* HOW TO COMPLETE THIS TASK *
Copy the records below exactly, starting at the line that contains "A beautiful design" and ending at the line that contains "Du Yuxi, an"; leave out any pictures.

* ENTRIES SHOWN *
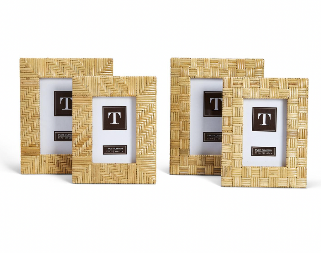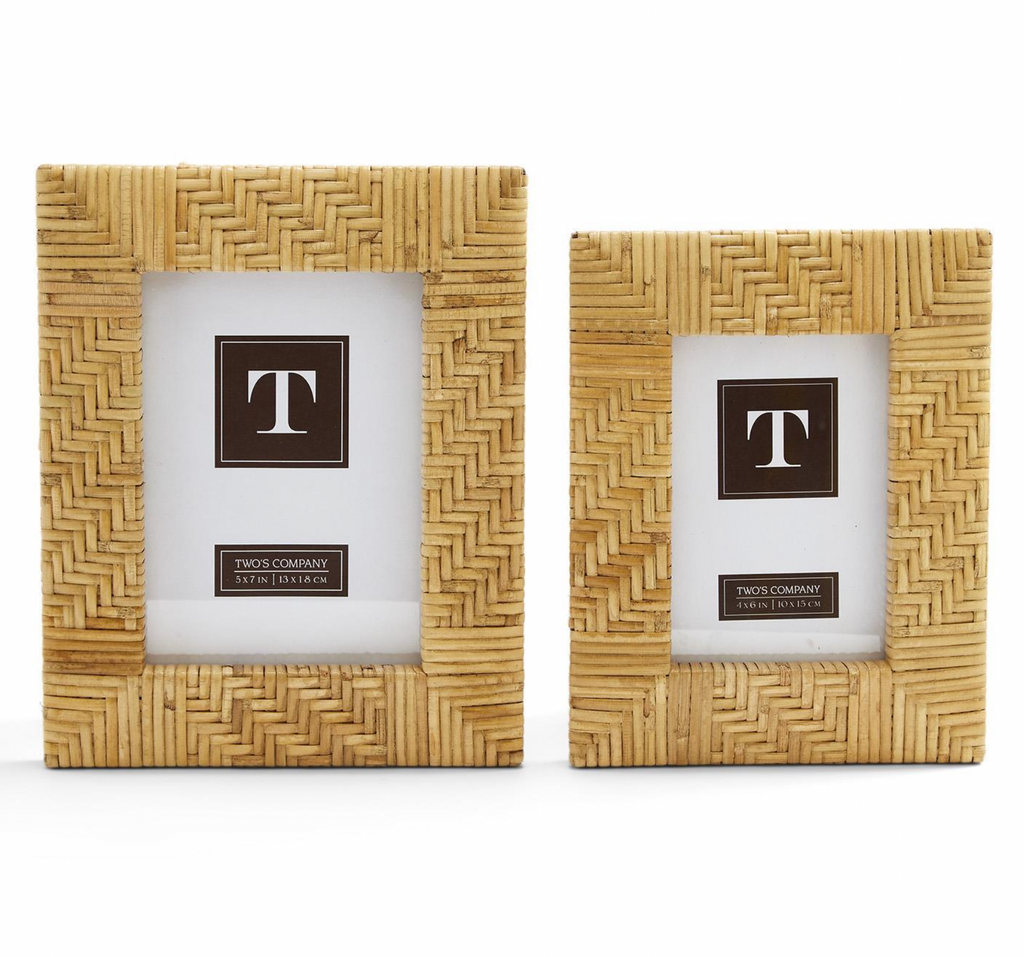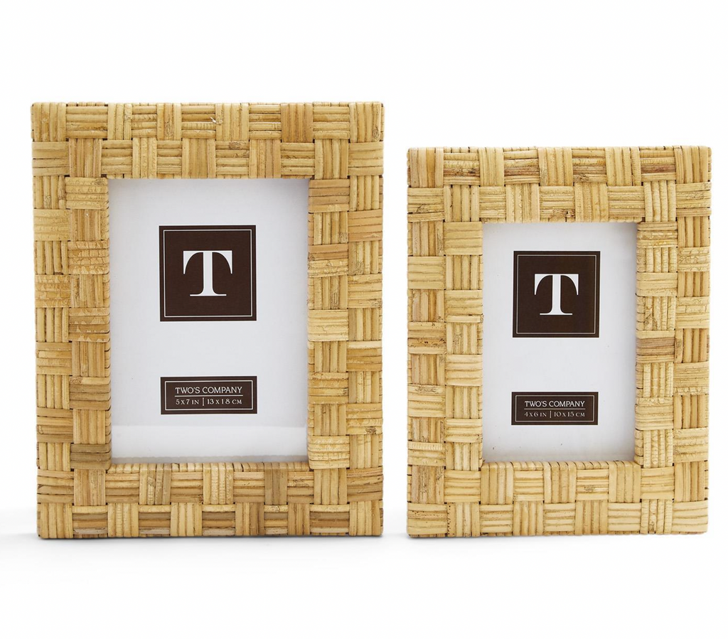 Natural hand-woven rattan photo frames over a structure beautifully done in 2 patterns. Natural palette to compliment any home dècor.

...

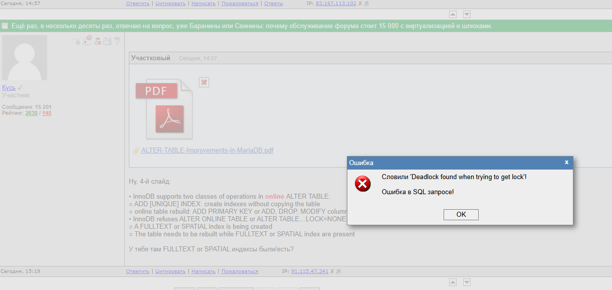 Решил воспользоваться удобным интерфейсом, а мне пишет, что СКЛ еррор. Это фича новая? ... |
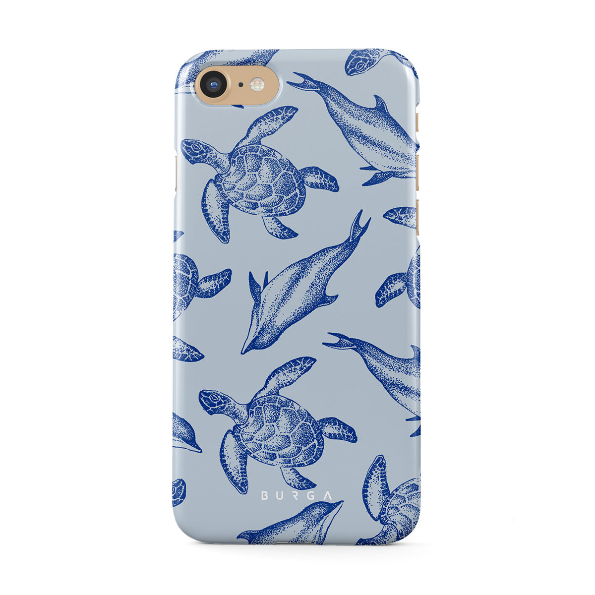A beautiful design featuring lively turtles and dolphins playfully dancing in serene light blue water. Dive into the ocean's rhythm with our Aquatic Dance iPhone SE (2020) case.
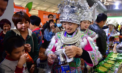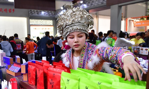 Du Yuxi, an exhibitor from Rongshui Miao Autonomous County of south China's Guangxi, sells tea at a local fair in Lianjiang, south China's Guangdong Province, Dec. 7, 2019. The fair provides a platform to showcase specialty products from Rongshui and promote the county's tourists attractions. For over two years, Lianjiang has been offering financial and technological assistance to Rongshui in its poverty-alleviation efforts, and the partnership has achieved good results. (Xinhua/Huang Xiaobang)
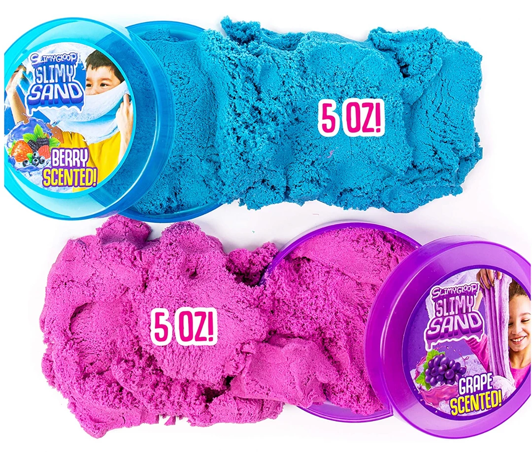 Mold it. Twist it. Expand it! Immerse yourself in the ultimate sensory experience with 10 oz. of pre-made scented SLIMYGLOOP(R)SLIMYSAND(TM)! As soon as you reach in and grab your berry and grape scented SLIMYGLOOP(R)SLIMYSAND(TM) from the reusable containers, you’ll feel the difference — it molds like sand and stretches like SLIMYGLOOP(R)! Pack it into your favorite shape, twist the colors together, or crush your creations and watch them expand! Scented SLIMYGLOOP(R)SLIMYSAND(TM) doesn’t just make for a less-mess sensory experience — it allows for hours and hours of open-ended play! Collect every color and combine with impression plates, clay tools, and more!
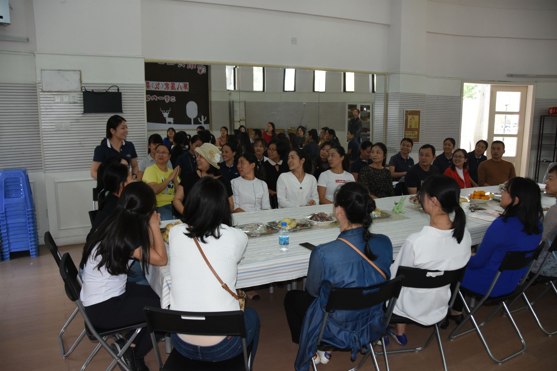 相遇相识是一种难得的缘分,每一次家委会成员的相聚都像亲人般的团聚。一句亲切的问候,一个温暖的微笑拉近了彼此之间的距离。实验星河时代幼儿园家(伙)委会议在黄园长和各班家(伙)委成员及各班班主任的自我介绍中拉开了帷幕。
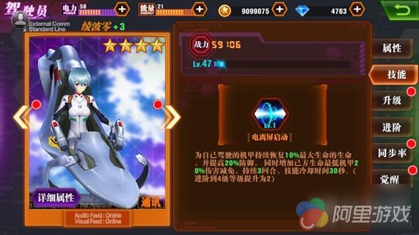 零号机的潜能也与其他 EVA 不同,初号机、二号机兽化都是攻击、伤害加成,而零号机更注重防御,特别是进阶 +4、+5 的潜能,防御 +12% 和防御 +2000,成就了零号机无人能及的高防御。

* EXERCISE OUTPUT *
A beautiful design featuring lively turtles and dolphins playfully dancing in serene light blue water. Dive into the ocean's rhythm with our Aquatic Dance iPhone SE (2020) case.
 Du Yuxi, an exhibitor from Rongshui Miao Autonomous County of south China's Guangxi, sells tea at a local fair in Lianjiang, south China's Guangdong Province, Dec. 7, 2019. The fair provides a platform to showcase specialty products from Rongshui and promote the county's tourists attractions. For over two years, Lianjiang has been offering financial and technological assistance to Rongshui in its poverty-alleviation efforts, and the partnership has achieved good results. (Xinhua/Huang Xiaobang)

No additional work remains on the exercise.